Question on interpreting residual standard error as minimum detectable change

Imagine two variables (\(n=30\)), \(x = \mathcal{N}(100,\,10^{2})\) and \(y\), where \(y = 10 + 5x + \mathcal{N}(0,\,2.5^{2})\):

require(tidyverse)
library(ggExtra)

x <- rnorm(30, 100, 10)
y <- 10 + 5 * x + rnorm(30, 0, 2.5)

df <- tibble(x = x, y = y)

gg <- ggplot(df, aes(x = x, y = y)) +
  theme_linedraw() +
  geom_point(alpha = 0.8)
gg

Now let’s fit simple regression:

m1 <- lm(y~x)

gg <- gg + 
  geom_abline(intercept = coef(m1)[1], slope = coef(m1)[2])
gg

The Residual Standard Error (RSE) is our estimate of error in the \(y\) (i.e., \(\mathcal{N}(0,\,2.5^{2})\)):

sigma(m1)
#> [1] 2.248066

The difference is due to the sampling error. If we plot the residuals, RSE represents (corrected) standard deviation:

df <- tibble(fit = predict(m1), resid = resid(m1))

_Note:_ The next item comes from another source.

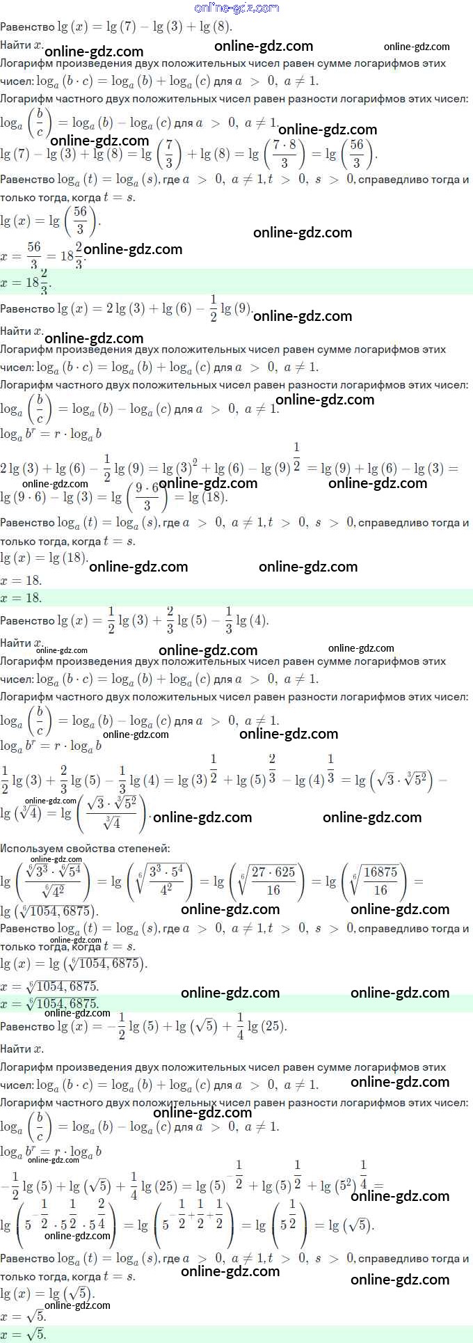 Готовые домашние задания по Алгебре за 11 класс Задачник Мордкович, Семёнов Базовый и углубленный уровень 2017 - §16. Свойства логарифмов 16.28

gg <- ggplot(df, aes(x = fit, y = resid)) +
  theme_linedraw() +
  geom_hline(yintercept = 0, linetype = "dashed") +
  geom_point(alpha = 0.8)


gg <- ggMarginal(gg, type = "density", margins = "y", fill = "grey")

gg

But now, let’s imagine we are interested in interpreting estimated RSE as Minimal detectable change (MDC). We are able to detect \(y\), given our data and the model implemented, with the 95% confidence equal to:

\[ \pm RSE \times 1.96 \] Value 1.96 represents critical value for the normal distribution where we cover 95% of the distribution spread. First question is: should we use critical value using t-distribution instead? For example, our \(df = n - 2\), or 28, so 95% critical t-value for 95% confidence is equal to 2.05.

Second question, can we interpret this as MDC (i.e., in this case equal to 4.41)? I am worried about the change term here. Or we need to multiply by \(\sqrt{2}\)?

\[ MDC = \pm RSE \times 1.96 \times \sqrt{2} \] Using \(\sqrt{2}\), our model is able to detect changes in \(y\) that are within 6.23 (given the assumption that the residuals are normally distributed with constant variance).